### Work request:
Restate word for word the lines from the one bearing "много лет. |" through the end of the entries below, and leave every picture out.

######

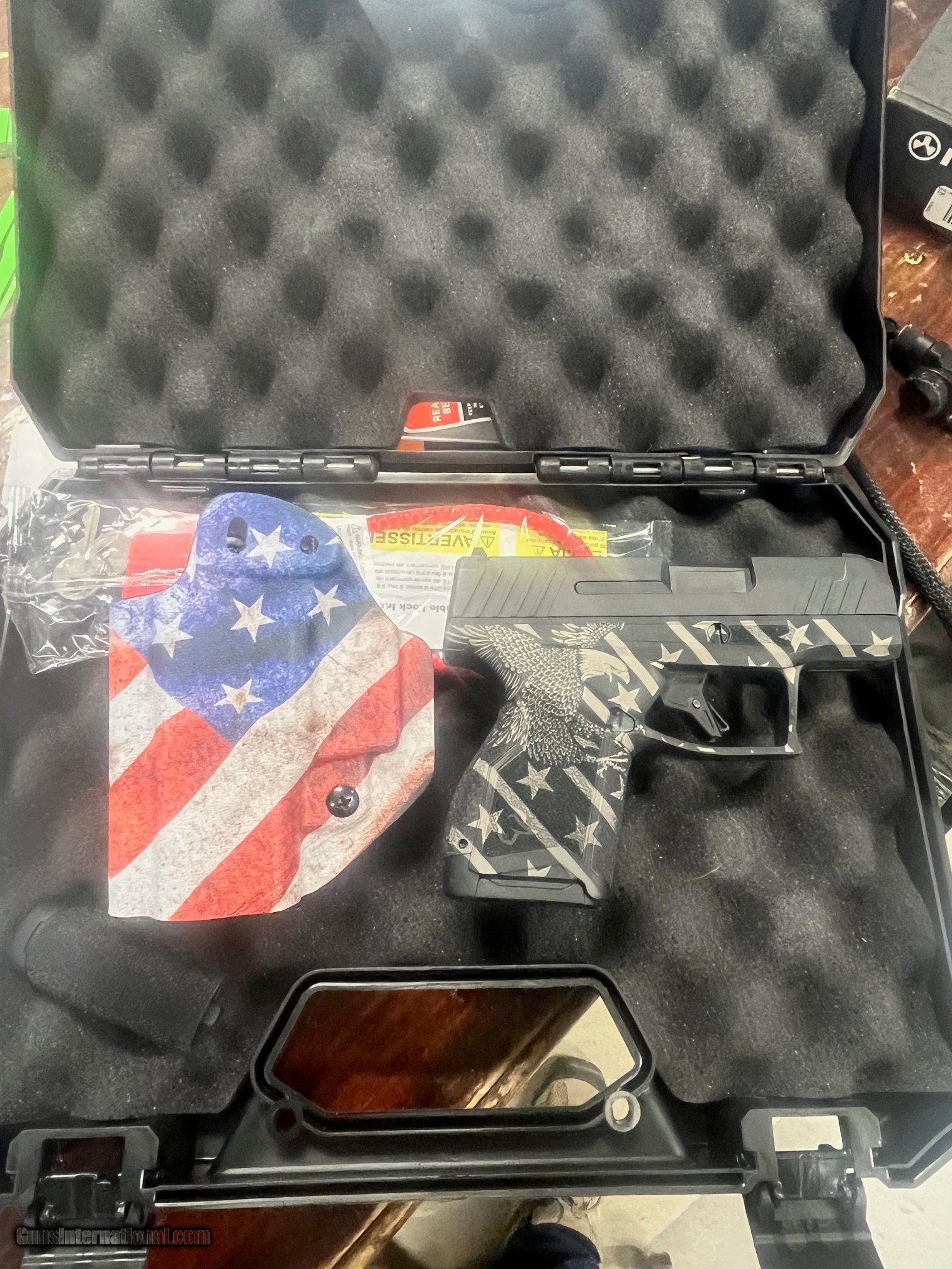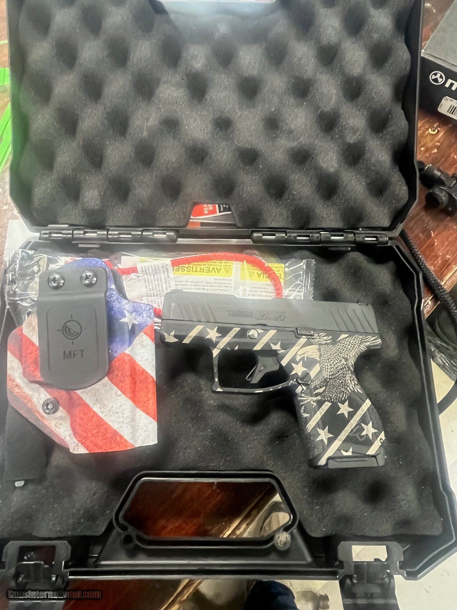 Description: Guns Listing ID: 491968 With one mag and case one backstrap and holster The Taurus® GX4 Micro-Compact Semi-Auto Pistol reaches new levels in concealed-carry engineering and ergonomics. Every inch of this streamlined, everyday-carry, micro-compact handgun is meticulously crafted for readiness and reliability. The GX4 boasts full-size capacity alongside an ultra-concealable 1\"-wide reinforced frame. For comfort, it features a flat-face, serrated trigger for enhanced comfort and control. The signature indexing and Recoil Management Pad (RMP) help increase accuracy while shooting quickly. The magazine and grip cuts make magazine stripping easy, and its Easy Take Down Pin lets you disassemble quickly. The Taurus GX4 features a steel alloy slide, stainless steel frame, and the barrel is stainless steel with a satin DLC coating. White dot front and serrated drift adjustable back sight. Visual loaded chamber indicator. Trigger safety. Ultra-concealable 1\"-wide reinforced frame Steel alloy slide and stainless steel frame Stainless steel barrel with satin DLC coating Flat-face, serrated trigger Signature indexing Recoil Management Pad Easy Take Down Pin SOLD Manufacturer: TAURUS Model: GX4 Caliber Info: 9MM LUGER (9x19 PARA) Condition: Used - Non-Certified Barrels: 2.75 Finish: AMERICAN FLAG/BLACK |
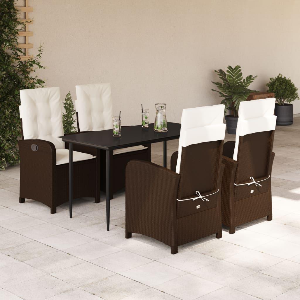Spisebordssæt til haven 5 dele polyrattan og akacietræ grå
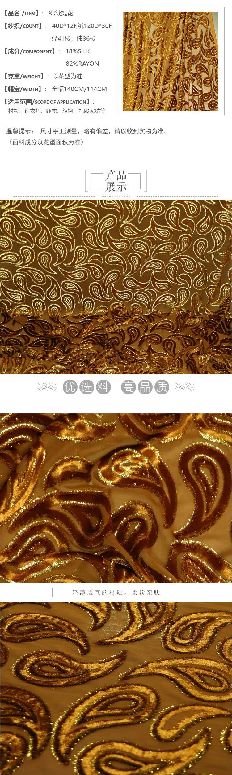Atacado de fábrica tecido de veludo jacquard de seda de veludo tecido vestido de alta costura vestido cheongsam casamento
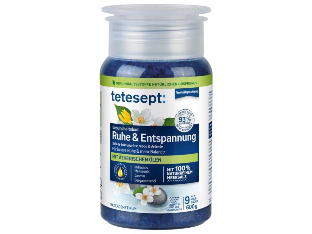 Meersalz fürs Bad Tetesept Badesalz Beruhigung und Entspannung ist ein besonderer Meersalz-Badezusatz, der die Entspannung von Körper und Geist fördert. Die einzigartige Kombination natürlicher ätherischer Öle wirkt in Verbindung mit warmem Wasser beruhigend. Enthält Jasminextrakt und Öle aus Zitronenmelisse, Bergamotte, Ylang-Ylang, Lavendel und Orange. Die einzigartige Komposition mit hochwertigen ätherischen Ölen ist speziell darauf ausgelegt, körperliche und seelische Anspannungen zu lösen. Die ätherischen Öle entfalten in Verbindung mit warmem Wasser ihre Wirkung und sorgen für Entspannung. Zusätzlich hinterlässt das natürliche und pflegende Meersalz die Haut gereinigt und gepflegt. Unser Qualitätsversprechen: 98 % Inhaltsstoffe natürlichen Ursprungs Hautverträglichkeit dermatologisch bestätigt Mikroplastikfreie Zusammensetzung Veganes Produkt Dose aus 100 % recycelbarem Material (ohne Deckel und Etikett) Anwendung: Füllen Sie ¾ des Deckels mit Tetesept Meersalz und geben Sie es in die Badewanne. Genießen Sie ein 10-20-minütiges Bad bei 35-38 °C. Spülen Sie die Wanne nach dem Baden mit warmem Wasser aus. Warnhinweis: Nicht für Kinder geeignet. Auf gesunder Haut anwenden. Außerhalb der Reichweite von Kindern aufbewahren. Nicht während der Schwangerschaft und Stillzeit anwenden. Kontakt mit empfindlichen Körperstellen vermeiden.
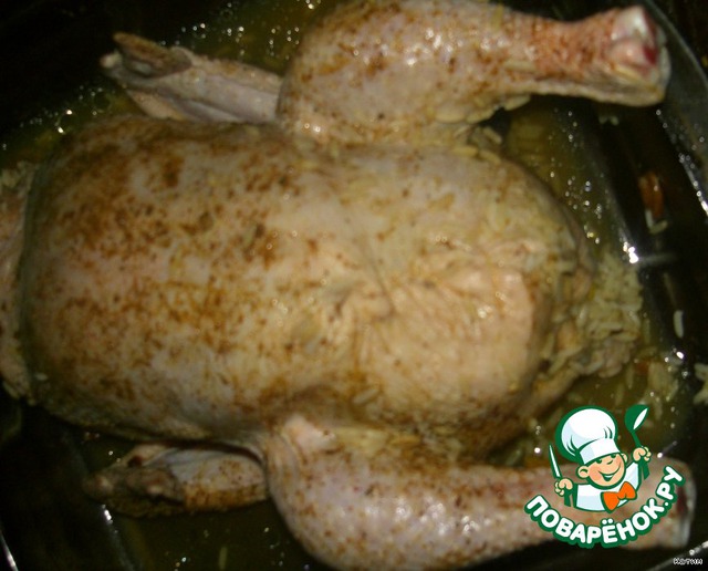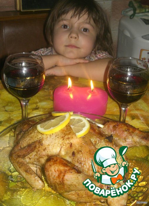 | Как-то моя мама во времена дефицита где-то по случаю приобрела индейку! Принеся домой загадочного зверя, стала думать, что бы из него приготовить. Близился Новый год и хотелось чего-нибудь этакого! Так родился этот рецепт! Потом это применили и на курице и готовим уже много лет. |
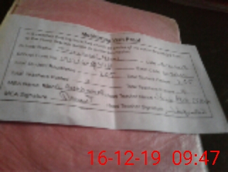 | Name: Ko**** Ta**** Designation: (School Headmaster's/Headmistress's) H T Phone/Cell Number: 03**** |

######

### Answer to the exercise:
 | Как-то моя мама во времена дефицита где-то по случаю приобрела индейку! Принеся домой загадочного зверя, стала думать, что бы из него приготовить. Близился Новый год и хотелось чего-нибудь этакого! Так родился этот рецепт! Потом это применили и на курице и готовим уже много лет. |
 | Name: Ko**** Ta**** Designation: (School Headmaster's/Headmistress's) H T Phone/Cell Number: 03**** |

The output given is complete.